> [Collected material]
▶

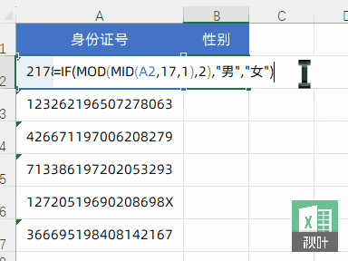 身份证第 17 位数字为奇数表示为男,偶数表示为女。这样做既可以批量生成独立的序号,而且删除其中某个后,序号还能自动更新!=IF(B3="","",IF(B3="秋小E","不要脸!","嗯嗯,我也喜欢他~"))
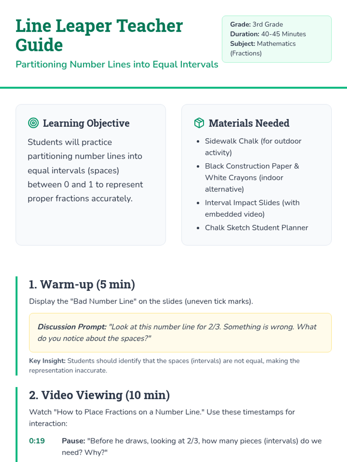 Students learn to partition number lines into equal intervals by analyzing a video and creating large-scale number lines using sidewalk chalk or black paper. This hands-on lesson emphasizes counting spaces rather than tick marks.
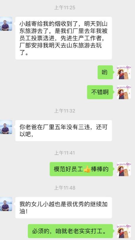 聊天截图中显示,杨超越爸爸获评先进生产工作者要去山东旅游,还骄傲表示自己在厂里五年没有三违,并鼓励女儿也要继续加油。杨超越则回复爸爸称:“必须的,咱就老老实实打工!”父女俩的互动十分积极有爱。
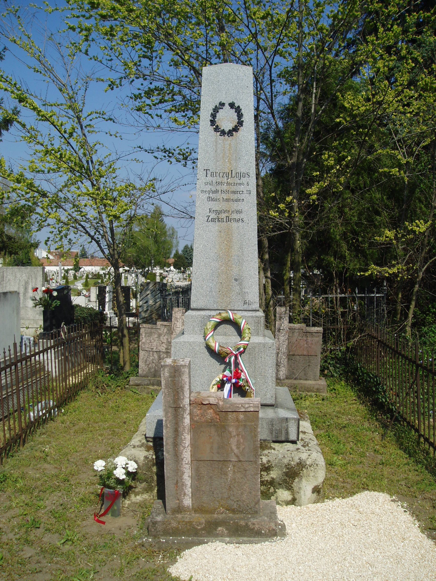 Nyilvános 1563 | 6198 | Pápa, Alsóvárosi temető: Tarczy Lajos sírja | A Jókai utcáról nyíló Temető utca vezet a XIX. század elején megnyílt Alsóvárosi köztemetőbe. A város sok neves személyiségének van itt a sírja. Itt nyugszik Tarczy Lajos (Hetény, 1807. dec. 6. – Bécs, 1881. márc. 20.) író, természettudós, tanár. Bölcseleti tanulmányait Pápán végezte. 1833-tól a református kollégium tanára, később annak egyik újjáteremtője. Elsőként hirdette magyar katedráról a hegeli eszméket. Nézetei miatt később le kellett mondania a filozófia tanításáról. Egyénisége maradandó hatással volt irodalmunk számos későbbi kiválóságára, Petőfire, Jókaira, Eötvös Károlyra. Az MTA 1838-ban levelező-, 1840-ben rendes taggá választotta. 1841-től 1844-ig a Képzőtársaság elnöke. Előszót írt a Tavasz című zsebkönyvhöz (1845), amely Petőfi és Jókai írásait is tartalmazta. Termékeny volt Széchenyi Istvánhoz fűződő barátsága, ösztönzést adott pápai 25 holdas mintagazdaságának kialakításához. Emlékét tábla őrzi volt lakása, a Jókai utca 26. számú ház falán. A fénykép 2007 áprilisában készült. Felh. irod.: Németh Adél - Szabó Lajos: Pápa. Bp. Panoráma, 1989 Veszprém megyei életrajzi lexikon. Veszprém, Veszprém Megyei Önkormányzat Közgyűlése, 1998 |

◀

> [Problem requirements]
Transcribe the opening line of the listing above, please, and every line after it through the line with "聊天截图中显示,杨超越爸爸获", word for word, without pictures.

> [Solution for this task]
 身份证第 17 位数字为奇数表示为男,偶数表示为女。这样做既可以批量生成独立的序号,而且删除其中某个后,序号还能自动更新!=IF(B3="","",IF(B3="秋小E","不要脸!","嗯嗯,我也喜欢他~"))
 Students learn to partition number lines into equal intervals by analyzing a video and creating large-scale number lines using sidewalk chalk or black paper. This hands-on lesson emphasizes counting spaces rather than tick marks.
 聊天截图中显示,杨超越爸爸获评先进生产工作者要去山东旅游,还骄傲表示自己在厂里五年没有三违,并鼓励女儿也要继续加油。杨超越则回复爸爸称:“必须的,咱就老老实实打工!”父女俩的互动十分积极有爱。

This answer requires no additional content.